[13]

35 27 10
                                    

    Beberapa permintaan Ikrar sudah terpenuhi. Kini, ada dua permintaan yang tersisa. Ikrar tersenyum sembari mencoret beberapa permintaan yang ia salin ke buku tulis.

     "Bun, doakan saya. Semoga saya lolos," ucap Ikrar sembari mencium tangan Talita.

     Talita mengangguk, mengusap surai hitam milik Ikrar. Di belakangnya ada Azek dan Rio menatap Ikrar.
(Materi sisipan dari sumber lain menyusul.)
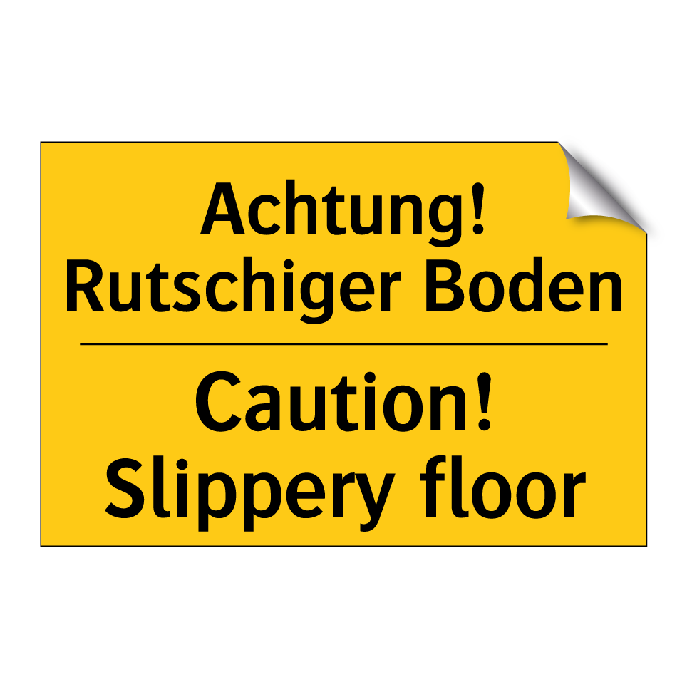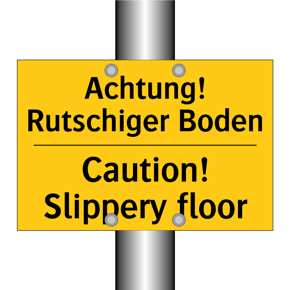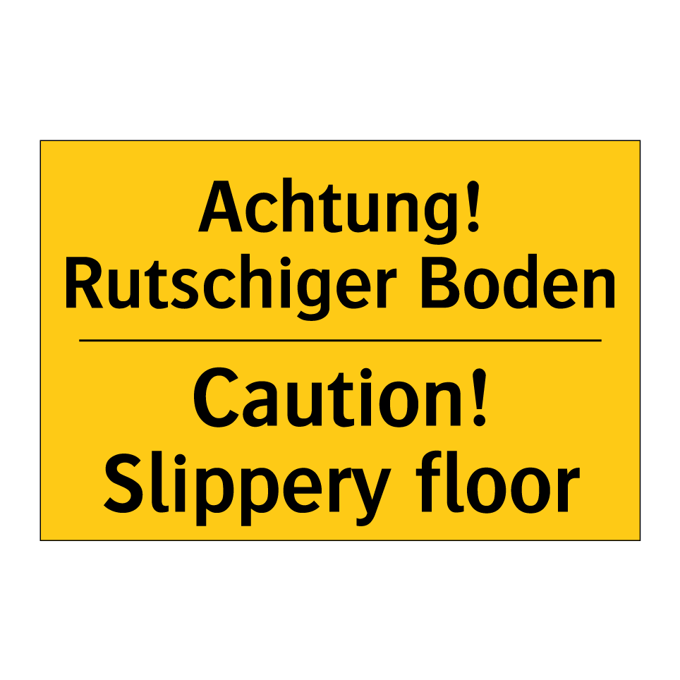 Zweisprachiges Warnschild mit deutschem Text Achtung! Rutschiger Boden und englischem Text Caution! Slippery floor

     "Ibun selalu mendoakan yang terbaik untuk anak-anak ibun. Apa pun yang kamu inginkan, semoga Allah mengabulkan," ucap Talita.

     Ikrar mengangguk, "Amiin."

    Azek menghampiri Ikrar, ia melihat penampilan dengan memutari tubuh Ikrar. Ikrar yang dilihat seperti itu merasa risih. Ia menyentil dahi Azek.

      "Kamu sebenarnya mau apa?" tanya Ikrar.

     "Hm."

     Ikrar menjewer telinga Azek, "Ditanya jawab sesuai pertanyaan, bukan melenceng."

      Azek terkekeh pelan, "Abang tampan kalau kayak gini."

     Pipi Ikrar memerah, matanya berkedut. Bibirnya membentuk lengkungan ke atas. Ikrar mendengus, bisa-bisanya ia malu disaat seperti ini.

     "Sudah? Saya mau pergi, Dek," ucap Ikrar.

     Azek terkikik, "Iya-iya. Sana."

    Ikrar mencium tangan Rio, kemudian tersenyum. Ikrar berjalan pelan meninggalkan pelataran rumahnya.

•••

    "Halo, Iden," sapa Ikrar.

    Iden yang sedang duduk langsung berdiri menjabat tangan dengan Ikrar.

     "Halo juga Ikrar," balas Iden.

     "Belum mulai?" tanya Ikrar heran karena masih banyak yang menunggu.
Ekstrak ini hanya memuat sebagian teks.